Single by Chicago

from the album Chicago 18
- B-side: "25 or 6 to 4" (1986 version)
- Released: October 24, 1986 (US)
- Recorded: 1986
- Genre: Rock
- Length: 5:44 (album version) 4:14 (7" version/radio edit)
- Label: Full Moon; Warner Bros.;
- Songwriters: David Foster; Tom Keane; Richard Baskin;
- Producer: David Foster

Chicago singles chronology
| "25 or 6 to 4"/"One More Day" (1986) | "Will You Still Love Me?" (1986) | "If She Would Have Been Faithful..." (1987) |

= Will You Still Love Me? (song) =

"Will You Still Love Me?" is a song recorded by the American rock band Chicago for their studio album Chicago 18 (1986). The song was written by David Foster, Tom Keane and Richard Baskin.

The second single released from the Chicago 18 album, "Will You Still Love Me?" reached number three on the US Billboard Hot 100 and number two on the US Adult Contemporary chart. The song also reached number three on the US Cash Box Top 100 chart.

==Background==
The song was Chicago's first top-ten hit following the departure of Peter Cetera, and it featured Jason Scheff on lead vocals.
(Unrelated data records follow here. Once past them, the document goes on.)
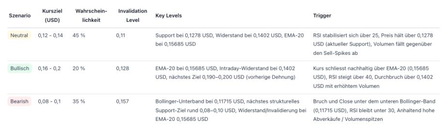 Widerstände: 0,1402 USD (Intraday-High) und 0,15685 USD (EMA-20). Ein nachhaltiger Ausbruch über 0,15685 USD würde das Kurzfrist-Risiko mindern; ein Bruch unter 0,11715 USD würde Ausweitung der Abwärtsbewegung wahrscheinlich machen.
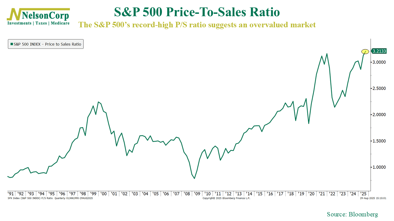Well, one way is by looking at the Price-to-Sales ratio. This measure compares the price of the S&P 500 to the revenue its companies generate. Analysts like it because, unlike earnings, revenues are harder to manipulate.
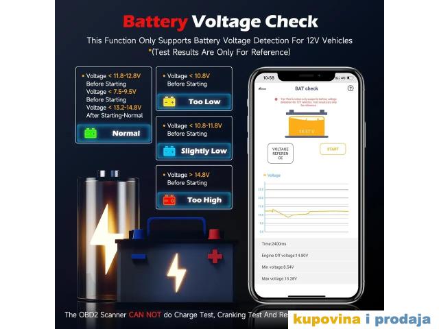 baterije Provjera : obd2 skener može utvrditi stanje akumulatora 12-voltnih vozila. Prikazuje promjenu startnog napona tokom određenog vremenskog perioda u grafičkom obliku i također vam daje napon kada je motor isključen, kao i minimalni i maksimalni napon.
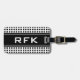 Masque de voyage monogramme masculin personnalisé. Design motif carré noir classique avec nom monogrammé blanc lettres initiales. e RFK Elégante idée cadeau pour les hommes modernes. Combinaison de couleurs masculines noir et blanc. Accessoire élégant pour sacs et valises.
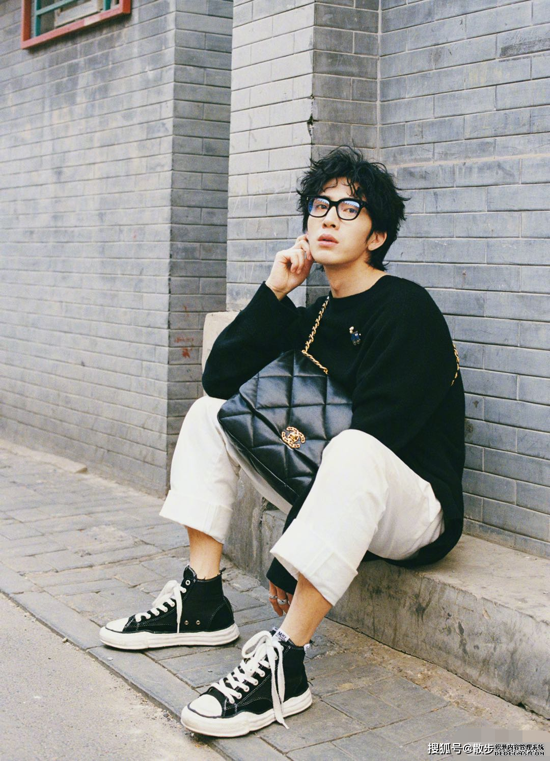 穿黑色毛衫搭白色褲子+鏈條包包 井柏然,不僅顏值在線,而且腦洞大開的寶藏男孩也很…
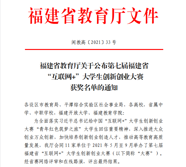 2021年第七屆福建省“互聯(lián)網(wǎng)+”大學(xué)生創(chuàng)新創(chuàng)業(yè)大賽獲獎項目信息
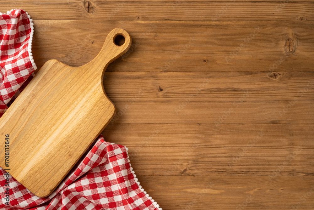 Top view of a rustic wooden cutting board atop a red checkered cloth background
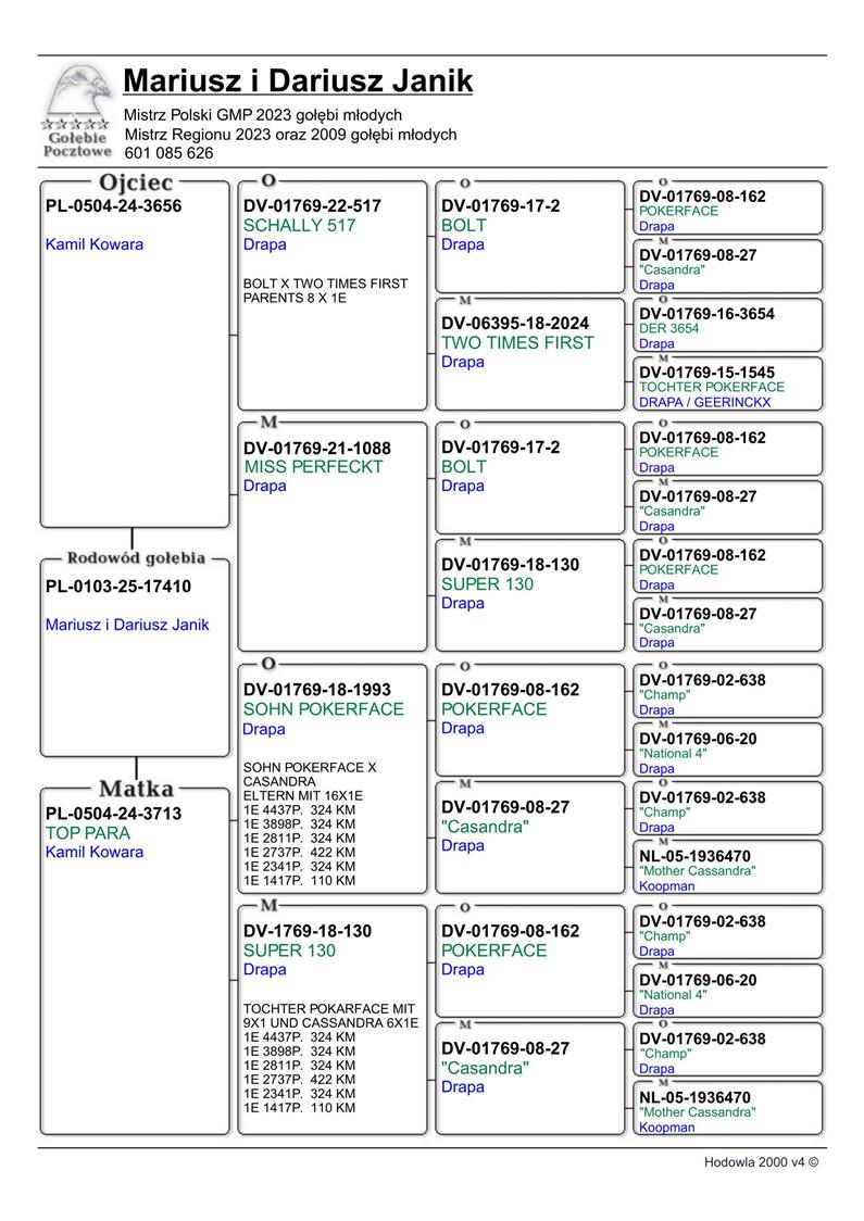 MŁODA LOTNICZKA 17412 | CÓRKA SAMICY ROZPŁODOWEJ “186” - 100% ANDREAS DRAPA - MOCNY INBRED “POKERFACE X CASSANDRA” (PAROWANIE DWÓCH ICH DZIECI) / POKERFACE - 9 X 1 KONK. / CASSANDRA - 6 X 1 KONK. (OBOJE TO DZIECI ‘CHAMPA’ !!) | CÓRKA SAMCA ROZPŁODOWEGO “KRUGER 998” ORG. TADEUSZ GIERCZAK → WNUK “BL …
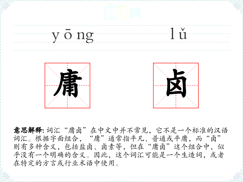 词源与演变: 由于“庸卤”不是一个标准词汇,它的词源和历史演变无从考究。
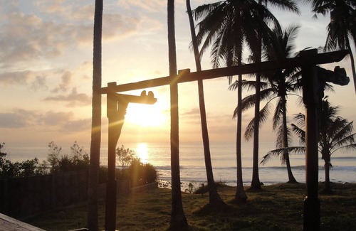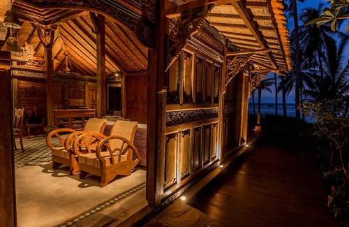 This meticulously restored Javanese joglo, Villa Amrita, sits on a 100 are (approx 2 acre) south facing ocean front estate in East Bali, and is the idyllic place to immerse yourself in authentic Balinese village life while enjoying 21st century amenities. Located near Amlapura in Karangasem province, the grounds are populated with majestic coconut palms, tropical fruit trees and organic vegetable garden, all within walking distance of an insider's favorite surf spot. The property is minutes from local attractions like Tirtagganga and Taman Ujung water palaces, white sand beach (ours is black sand), traditional marketplaces and artisan workshops. Hiking to volcanoes, biking through sacred valleys and rice fields, snorkeling, scuba, fishing excursions, and trips to ancient villages are all within close reach. Villa Amrita is fully furnished, blending antiques with modern conveniences, including hi speed internet, land line, excellent cell reception, cable TV and Bose sound system. On-site staff can provide western and Balinese meals and guided transportation, and will happily share insights into Balinese culture with guests upon request. Just a two hour drive from Ngurah Rai international airport, but far from the tourist traps and annoying traffic. Paradise still exists in our corner of the island!

Upon the single’s release, Cashbox called the song's harmonies and arrangement "well-crafted". Ken Ross and Richard Levine directed the song's music video, which featured performance clips of the band in a factory.

==Charts==
===Weekly charts===

| Chart (1986–1987) | Peak position |
|---|---|
| Canada Top Singles (RPM) | 6 |
| US Billboard Hot 100 | 3 |
| US Adult Contemporary (Billboard) | 2 |
| US Cash Box Top 100 | 4 |

===Year-end charts===

| Chart (1987) | Position |
|---|---|
| US Billboard Hot 100 | 50 |
| US Cash Box Top 100 | 24 |

==Cover versions==
In 2003, jazz group Urban Knights covered the song with vocals by Michelle Williams.